> _What to work on_: Nothing but an exact repeat of the data, with pictures removed, belongs in the answer.

-------- Dataset content

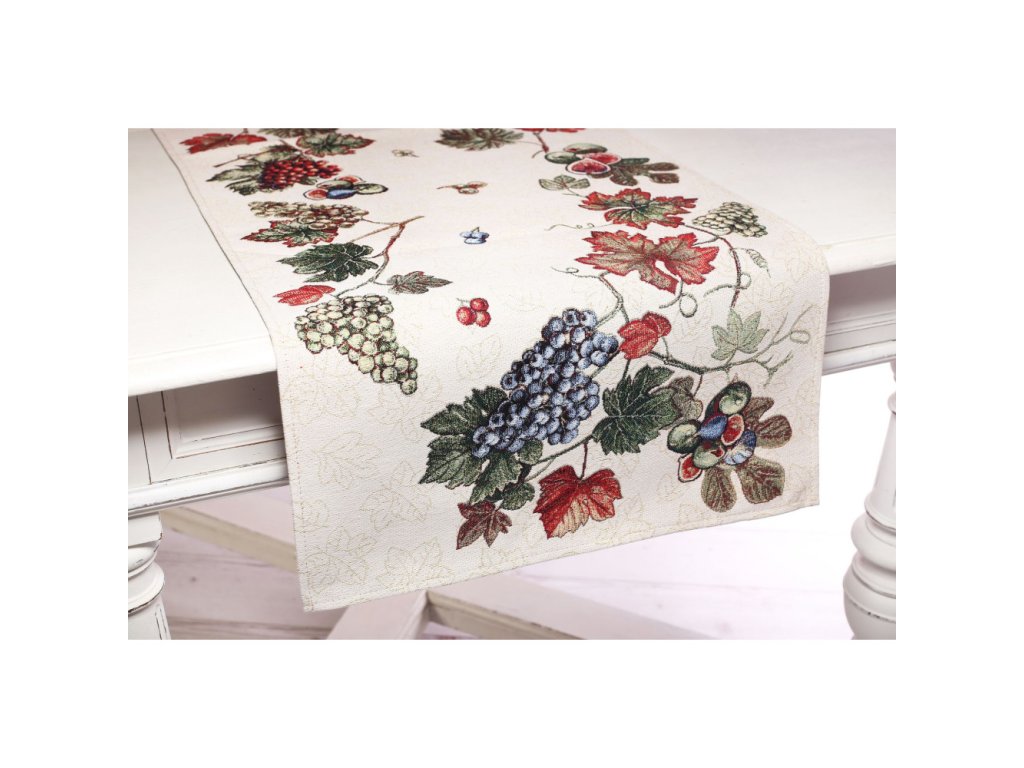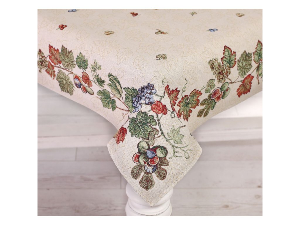 Gobelínový obrus so vzorom viničových listov a figových plodov
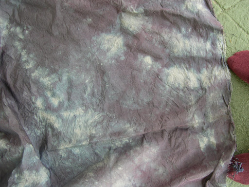 The next piece I used was a pale tan piece of dupioni silk. That is shown in the bottom picture with my toes and at the left next to the cotton. The silk actually came out darker but I love them both.
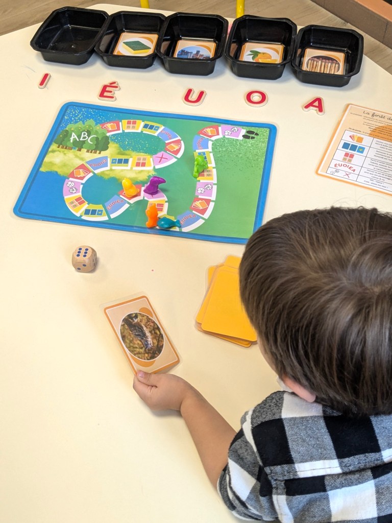 Au cours du mois de novembre, en voyant mes élèves prendre de plus en plus de plaisir à découvrir les sons des lettres, j’ai eu envie de créer un jeu de plateau qui me permettrait de réviser les sons étudiés de façon ludique. Je n’avais pas envie de multiplier les jeux, en en ayant un pour les sons voyelles, puis un autre pour certaines consonnes, etc.
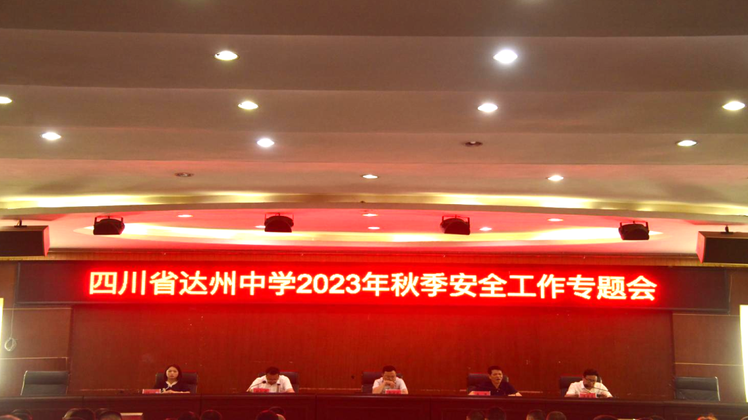 9月13日, 四川省达州中学2023年秋季安全工作会在翠屏校区艺体馆一楼大会议室举行,校长郭德波等校领导以及翠屏校区全体班主任参加会议。学校党委副书记彭仁俊主持本次会议。
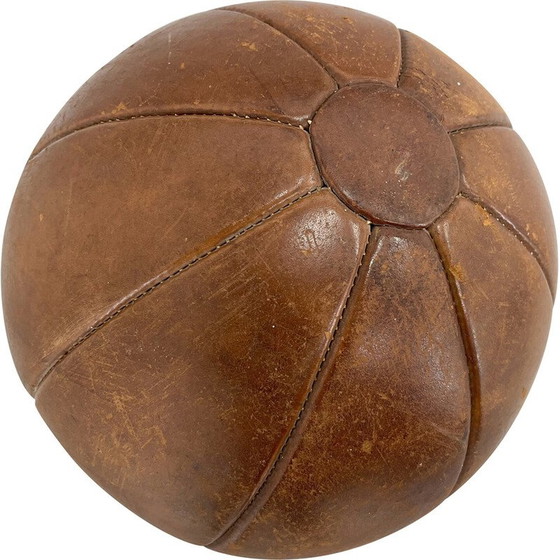 Originele vintage zware leren trainingsbal met prachtig patina. De bal is gemaakt van handgestikt echt leer in voormalig Tsjecho-Slowakije in de jaren 1930. Hij kan worden gebruikt als een origineel interieuraccessoire of als een stijlvol trainingshulpmiddel. De leren hoes is in originele staat, hij is schoongemaakt en behandeld met een ecologisch leerimpregneermiddel.
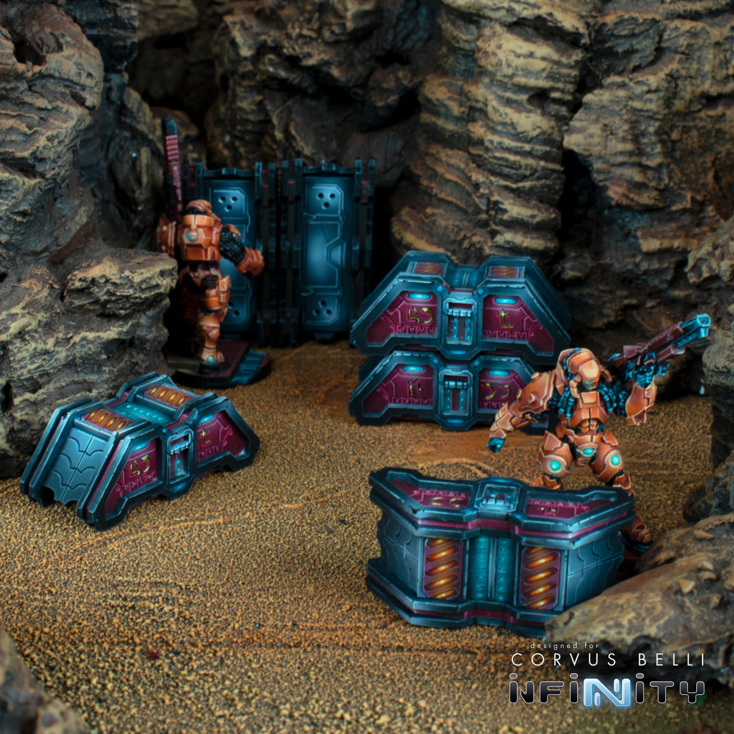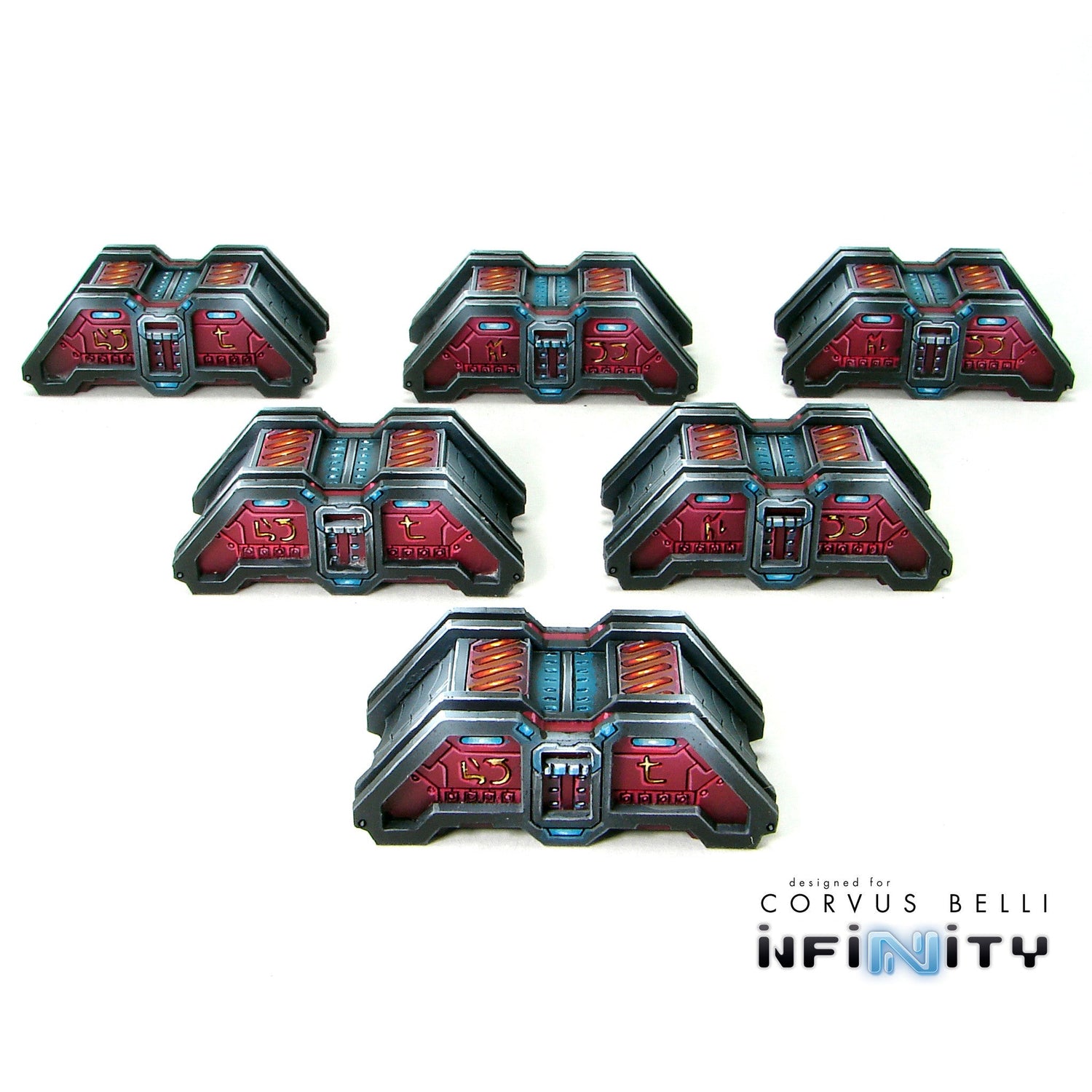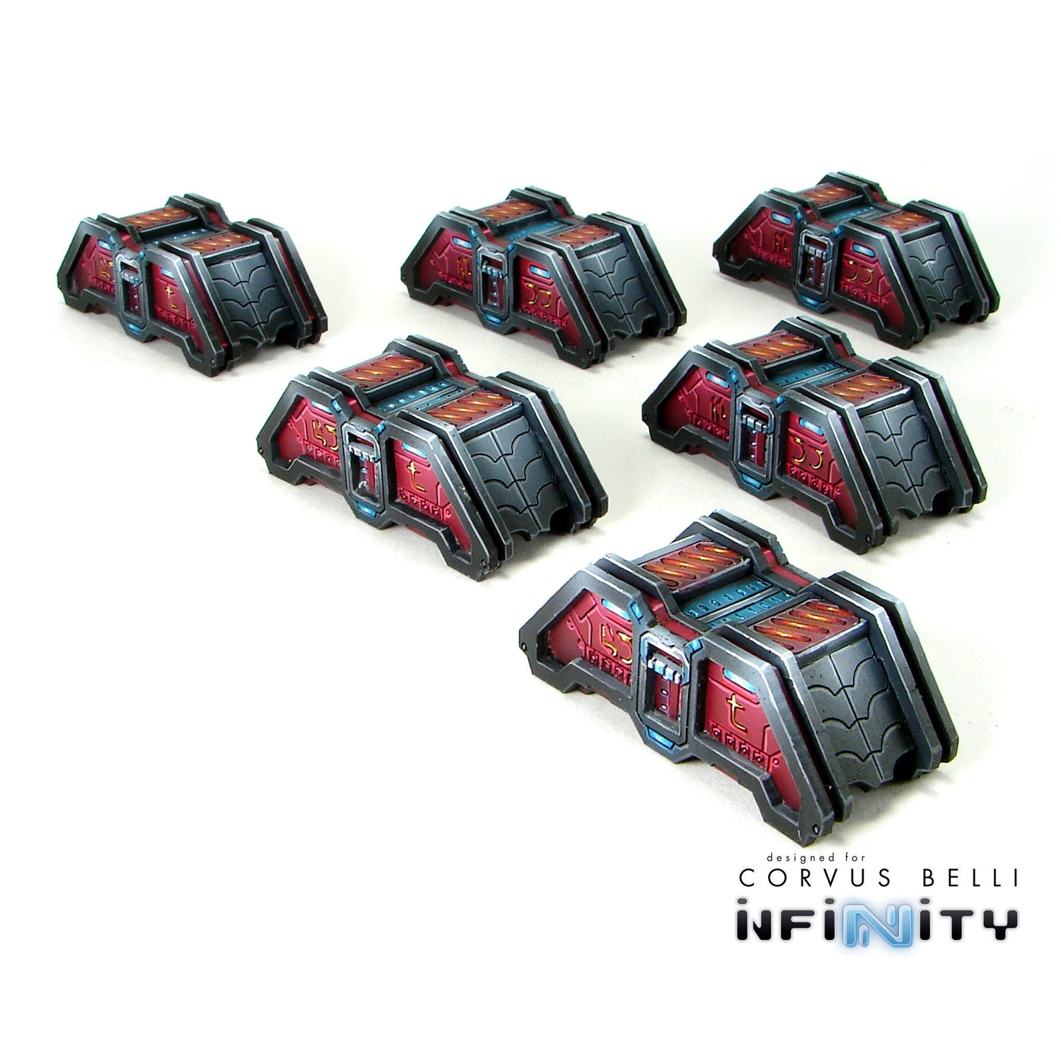 Morat Hemat Crates contain six stackable acrylic storage crates that make excellent scatter terrain for Infinity: The Game. They can be combined as lockers with our Taugak Trench System.

----------------

> _Exercise answer_:
 Gobelínový obrus so vzorom viničových listov a figových plodov
 The next piece I used was a pale tan piece of dupioni silk. That is shown in the bottom picture with my toes and at the left next to the cotton. The silk actually came out darker but I love them both.
 Au cours du mois de novembre, en voyant mes élèves prendre de plus en plus de plaisir à découvrir les sons des lettres, j’ai eu envie de créer un jeu de plateau qui me permettrait de réviser les sons étudiés de façon ludique. Je n’avais pas envie de multiplier les jeux, en en ayant un pour les sons voyelles, puis un autre pour certaines consonnes, etc.
 9月13日, 四川省达州中学2023年秋季安全工作会在翠屏校区艺体馆一楼大会议室举行,校长郭德波等校领导以及翠屏校区全体班主任参加会议。学校党委副书记彭仁俊主持本次会议。
 Originele vintage zware leren trainingsbal met prachtig patina. De bal is gemaakt van handgestikt echt leer in voormalig Tsjecho-Slowakije in de jaren 1930. Hij kan worden gebruikt als een origineel interieuraccessoire of als een stijlvol trainingshulpmiddel. De leren hoes is in originele staat, hij is schoongemaakt en behandeld met een ecologisch leerimpregneermiddel.
 Morat Hemat Crates contain six stackable acrylic storage crates that make excellent scatter terrain for Infinity: The Game. They can be combined as lockers with our Taugak Trench System.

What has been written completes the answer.